Kabarnya, semua korban dipilih melalui aplikasi taksi, pelaku dengan terang-terangan mengamati lingkungan sekitar dan mendekati korban lewat percakapan, lalu ketika perempuan itu sendirian dan tak ada orang di sekitar, ia menawarkan tumpangan tanpa memesan lewat aplikasi. Korban rata-rata tertipu oleh kepandaiannya berbicara dan wajahnya yang tampak jujur...
Penjelasan ini membuat Fang Xue berkeringat dingin, tubuhnya terus gemetar, rasa takut datang begitu saja.
"Andai... andai tadi Niu berkata seperti itu padaku, aku pasti takkan menolak, aku pikir dia orang baik..."
"Mengenal wajah tak berarti mengenal hati, penampilan yang tak menarik bukan berarti jahat, ucapan dan rupa yang jujur juga belum tentu baik. Semua benar dan salah perlu dibedakan sendiri. Sebagai perempuan, kau harus bisa melindungi diri..." ujar Li Yu di sampingnya, dalam hati ia mengeluh, gadis ini kalau sampai dijual pasti masih membantu menghitung uangnya sendiri.
Maklum, ia tumbuh di lingkungan terlindung, mengira dunia ini penuh orang baik, padahal banyak juga manusia berhati binatang, dan tidak sedikit orang yang meski wajahnya buruk, hatinya lembut...
"Kali ini, aku benar-benar berterima kasih padamu..." Yang Meng menatap Li Yu dengan perasaan campur aduk, sikapnya tulus meski agak canggung, sambil berkata dengan nada takut, "Kalau adikku sampai jatuh ke tangan orang itu, aku tak berani membayangkan akibatnya."
"Sungguh, terima kasih banyak, Guru..."
Fang Xue juga menatap Li Yu dengan ketulusan yang sama.
Li Yu hanya tersenyum dan berkata, "Kalau mau berterima kasih, bukan padaku seharusnya."
"Kalau ingin berterima kasih, sebaiknya kau berterima kasih pada kucing hitam yang telah mengorbankan delapan nyawanya untukmu, ia terus-menerus memperingatkanmu untuk menjauh..."
Saat itu, Fang Xue tiba-tiba teringat sesuatu.

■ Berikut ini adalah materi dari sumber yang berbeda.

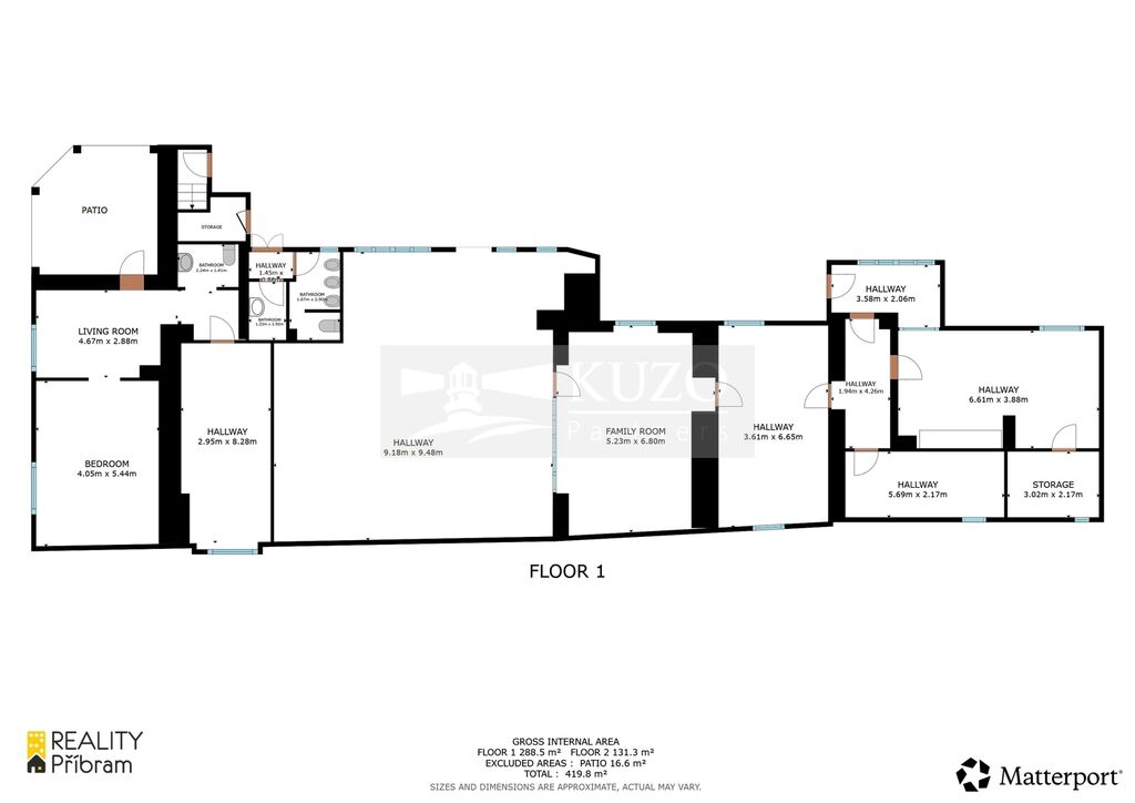 • Hlavní budova: Přízemí o rozloze 289 m² a prostorný byt 4+1 v prvním patře (131 m²).

"Kalau benar kucing hitam itu yang menyelamatkanku... Aku ingat, tahun lalu, aku pernah melihat seekor kucing putih bermain di tengah jalan, padahal sangat berbahaya, waktu itu kebetulan tidak ada mobil, jadi aku menggendongnya ke pinggir jalan, mungkinkah itu kucing yang sama..."
...
Fang Qingyu dan Wang Erpang sudah datang dengan mobil untuk menjemput mereka berdua, sekalian mereka harus ke kantor polisi untuk memberikan keterangan. Menurut polisi, kali ini mereka berhasil menangkap pelaku besar.
Li Yu menolak tawaran Fang Qingyu dan Wang Erpang untuk diantar kembali ke vihara, ia memilih berjalan kaki sendiri, melintasi terowongan yang agak suram, sunyi dan panjang.

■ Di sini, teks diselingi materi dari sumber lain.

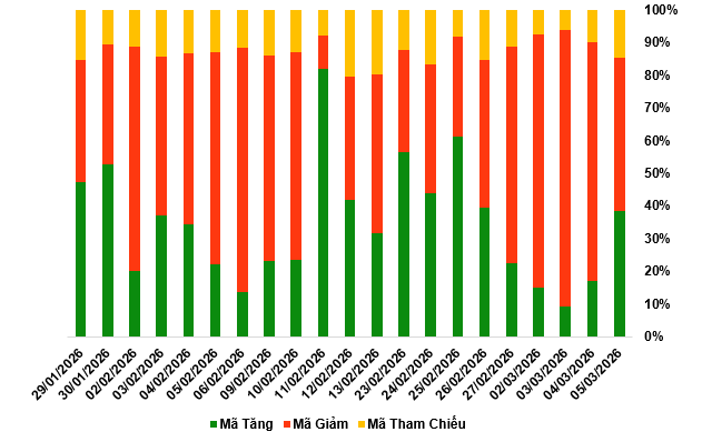 Độ rộng thị trường trong 20 phiên gần nhất. Đvt: Phần trăm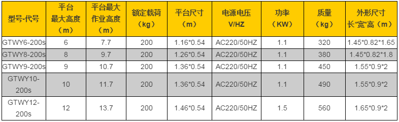雙桅式鋁合金升降平臺產品參數: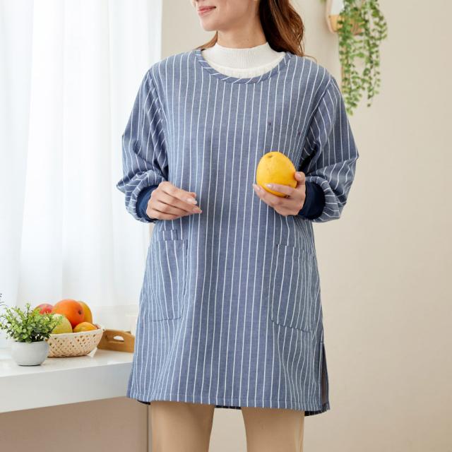 割烹着 冬 エプロン かっぽう着 レディース フリース 裏起毛 あったか 暖かい 長袖 かぶる ポケット付き ゆったり 保育士 かっぽうぎ おしゃれ かわいい お尻が隠れる M L LL 3L ブルー ネイビー ストライプ ロング丈 仕事用 家事 シンプル 秋冬 防寒 袖付き リブ袖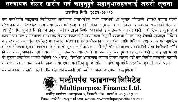 काठमाडौं । मल्टीपर्पस फाइनान्स लिमिटेडले संस्थापक शेयर बिक्रीमा ल्याएको छ । कम्पनीले संस्थापक शेयरधनीको नाममा रहेको ३९ हजार ३१ कित्ता संस्थापक शेयर बिक्रीमा ल्याएको हो ।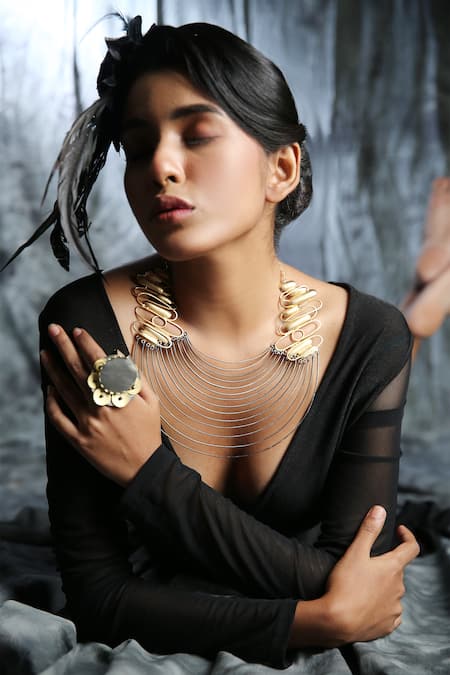Gold geometric cutwork necklace featuring dual polish and handcrafted design

"Kucing punya sembilan nyawa... sungguh luar biasa... Seumur hidup bisa punya delapan kesempatan untuk selamat dari maut," gumam Li Yu dalam hati, seolah berkata, mati pun tak akan mati.
"Sungguh kau percaya kucing mistis itu punya sembilan nyawa?" tanya sistem.
"Hmm... menurutku bukan benar-benar punya sembilan nyawa, lebih tepatnya itu semacam eksistensi metafisik, atau mungkin sejenis keberuntungan," ujar Li Yu setelah berpikir sejenak. "Makna sembilan nyawa mungkin berarti bisa delapan kali selamat dari maut, dapat harapan hidup dalam situasi tanpa jalan keluar, tapi tetap ada batasnya. Setelah delapan kali, keberuntungan itu hilang, tinggal satu nyawa saja... Kucing hitam itu sudah delapan kali memperingatkan Fang Xue, nyaris delapan kali pula hendak dibunuh oleh penjahat itu, seperti keterangan di catatan, ini sudah yang terakhir..."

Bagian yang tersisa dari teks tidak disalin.